[MLton] bug report, vector of char problem

Stephen Weeks MLton@mlton.org
Wed, 6 Apr 2005 11:40:36 -0700


> > Just out of curiosity anyone have an informal list of subtle bugs that 
> > didn't tickle a bug in the typed-IL? We were having a lunch discussion about 
> > if typed-IL really prevented compiler bugs... I'm wondering what the MLton 
> > experience has been.
...
> I think our experience has been very positive.  We throw in to the 
> 'type-checker' for our typed ILs a bit more than just types; for example, 
> the SSA IL checks the def dominates use property as well. 

I strongly echo Matthew's sentiments about our positive experience
with typed ILs.  They have caught innumerable bugs, many of which
would have taken a long time to debug because code generation would
have completed and the bug would affect memory in very unpredictable
ways.

However, the changelog is not a good indicator of how helpful typed
ILs are, as most of their use comes when developing a new pass, while
changes and debugging is fast and furious, before anything makes it
into the changelog.

The places where MLton doesn't have typed ILs, in Rssa, Machine, and
the codegen, have easily been the source of the most, and most
challenging, bugs.  Also, the lack of a type system to check the GC
and the interface to the GC has been source of bugs.

Basically, types in the ILs help to avoid at least as many bugs as one
is used to types helping in the source language when programming,
except that the bugs in the ILs are even more important to catch
early, since they can lead to seg faults.
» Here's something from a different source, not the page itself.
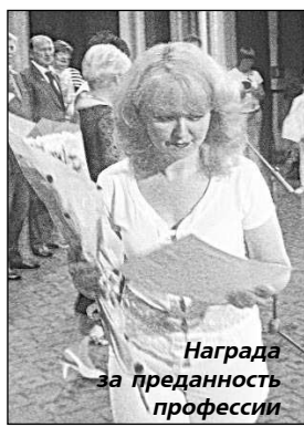
Награда за преданность профессии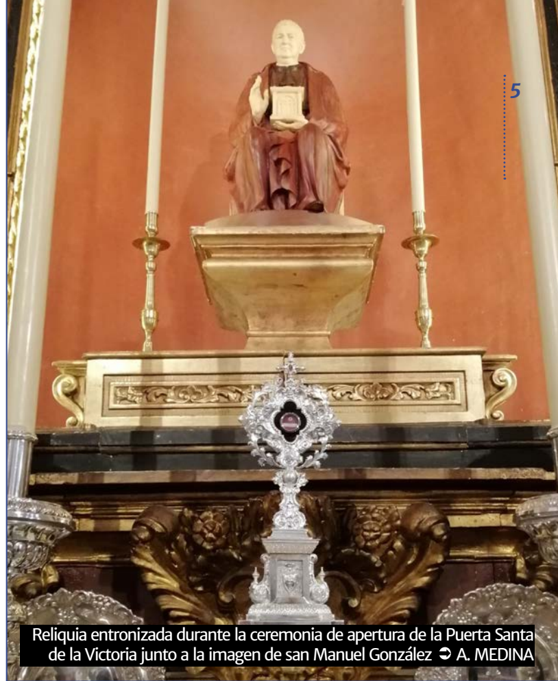
Reliquia entronizada durante la ceremonia de apertura de la Puerta Santa de la Victoria junto a la imagen de san Manuel González ➔ A. MEDINA

Of course, types don't catch everything.  The current "vector of char"
bug is due to the pass that determines data representations
(SsaToRssa) getting confused about the flattened array of (char *
char).  It correctly uses 2 bytes per char, but incorrectly stores
both chars in the same 1-byte slot of each element.  It's not likely
that a type system would catch the overlapping use, although it might
catch the fact that the other 1-byte slot is uninitialized.